Meteorological discussion:
In the midst of a mild pattern, a shortwave will dive out of northern Ontario into northern New England late Monday into Monday night. This trajectory might be aided by the northerly flow on the back side of the slow-moving cut-off low that will be moving off the U.S. East Coast. As the shortwave will be dropping out of the northwest, it will not have a lot of moisture with it, and it is not particularly strong either. There is little low-level cold air with the feature, but falling heights and some precipitation will cool the column enough to support snow, even in most low-elevation areas, although it could start as rain or a rain/snow mix in the central and southern Champlain Valley. Eastern Ontario and northwestern New York will receive little or no precipitation with this feature as it digs farther east. The greatest snow totals will be in the northern Green and White Mountains, the eastern Townships of Quebec, and in Maine, where locally up to 2” (5 cm) is possible.
| Source: TropicalTidbits |
As the feature pulls away on Tuesday, upper-level ridging rapidly builds back into the eastern U.S. and intensifies, leading to mostly dry and unseasonably mild weather for Wednesday and Thursday. There could be a few showers in mountainous areas and north of the U.S./Canada border on Wednesday, but it will otherwise just be mostly cloudy with modest warm advection.
| Source: TropicalTidbits |
The intensifying trough/ridge couplet in the western/eastern
U.S. will steer two storms coming out of the southern Rockies to the northeast.
The first system will head into Quebec and begin to weaken, leaving very little
precipitation in our region, even along its cold front that will slow down and
stall. However, there is still a significant model and ensemble spread in the
speed and strength of the second system. The most likely scenario is for it to
follow shortly behind the first system, strengthen, and get pulled quickly to
the northeast by another shortwave over south-central Canada into Quebec. This
will lead to everywhere in our region to become especially warm Thursday into
early Friday, with lower elevations of Vermont, New Hampshire, and southern
Maine possibly reaching 60F (16C) and potentially breaking daily record highs.
However, there is still a chance that the second system is a little weaker and delayed
until after the first system’s cold front passes through northern New England.

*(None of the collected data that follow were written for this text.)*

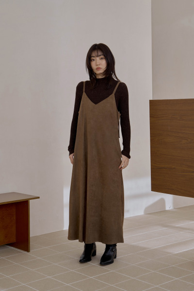 質感麂皮面料,適合秋冬搭配 / 肩帶可調整長度 / 可搭配打底做多層次穿搭 / 有內裡 / 兩側有隱形口袋
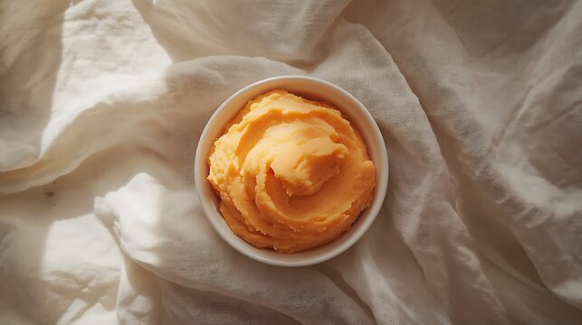 A Bowl of Mashed Sweet Potatoes on a White Cloth
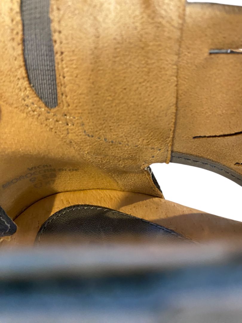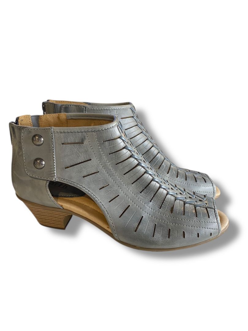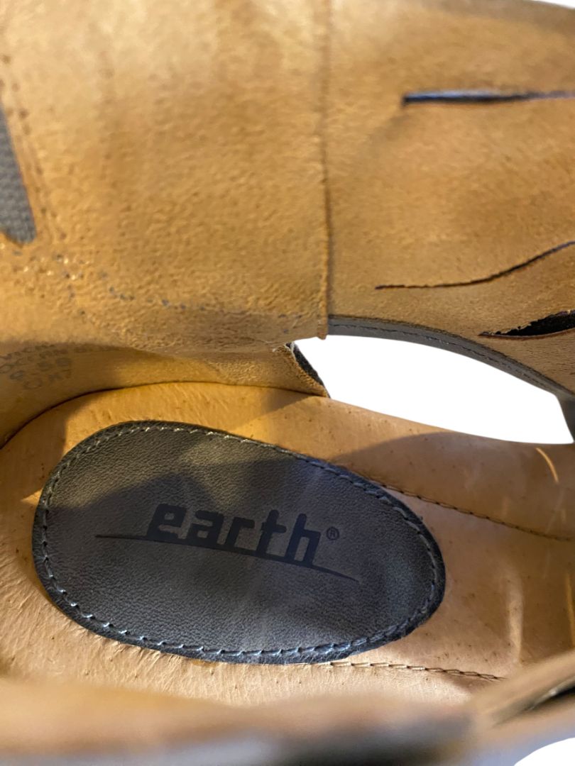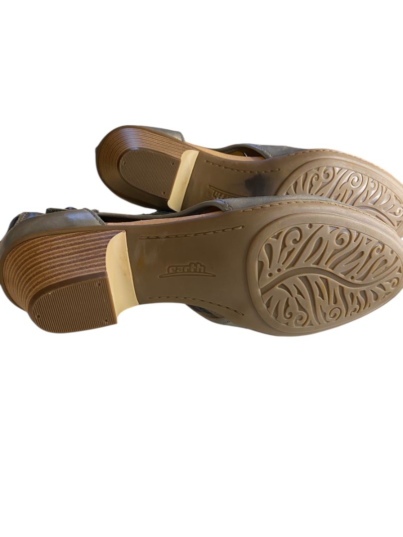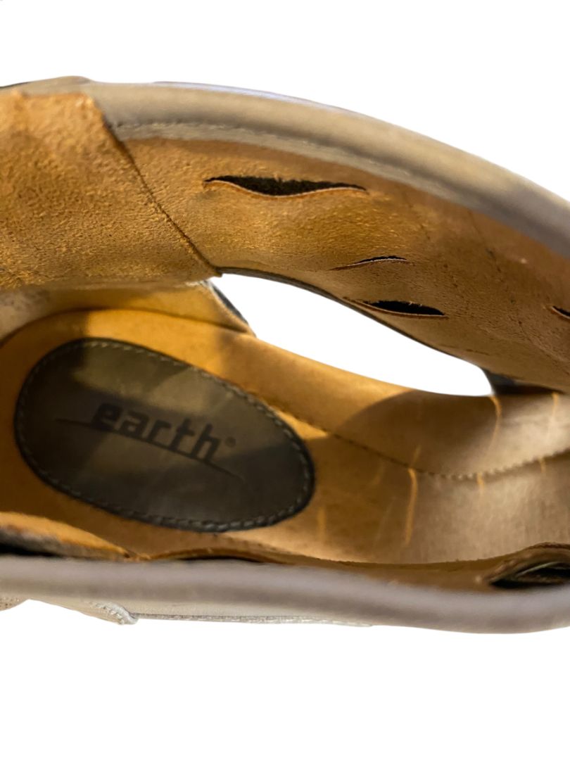 Size 9.5B Earth Vicki Moroccan Blue Leather Peep Toe 2" Heeled Sandals Womens
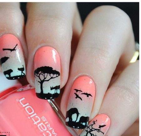 Bright coral-to-nude gradient nails with black silhouettes of trees, crow, and animals, resembling a sunset scene.
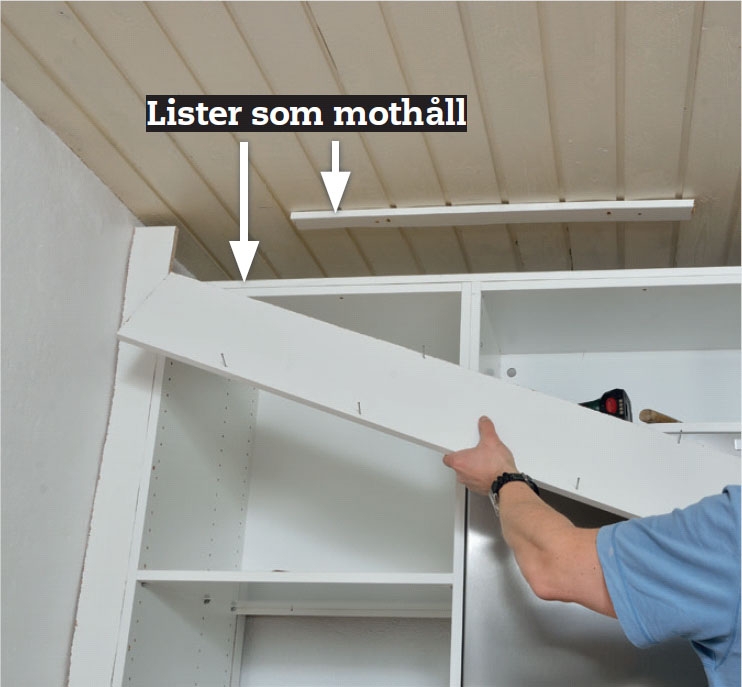 Här behövs en passbit mellan högskåpet och väggen och ovanför skåpen ska vi montera en täcklist.

In this case, the shortwave over south-central Canada would already have gone too
far east to sling the storm to the north too much, and the storm would track
far enough south to avoid the major warmup in northern New England and even produce
snow north of the U.S./Canada border. The storm could also be more elongated which
would lead to a zone of lighter rain changing to snow. Even then though, the lower elevations from Vermont to southern Maine will lose all or almost all of the snow cover.
| Source: MétéoCentre and TropicalTidbits |
Regardless of how the second system evolves, it will turn colder afterwards, though it will be not as cold and long-lasting as earlier modeled. Instead, low pressure will move into western Canada again, and the southeast U.S. ridge will return by Monday, quickly moving the cold air back into central Quebec. For now, it looks drier and not as warm as this week’s warmup, with limited flow out of the Gulf of Mexico and lack of a strong, consolidated storm ejecting from the Rockies. After this, the details become really uncertain, with another warmup likely but it could either last several days with more rain or be brief and followed by much colder air and a snow-producing system.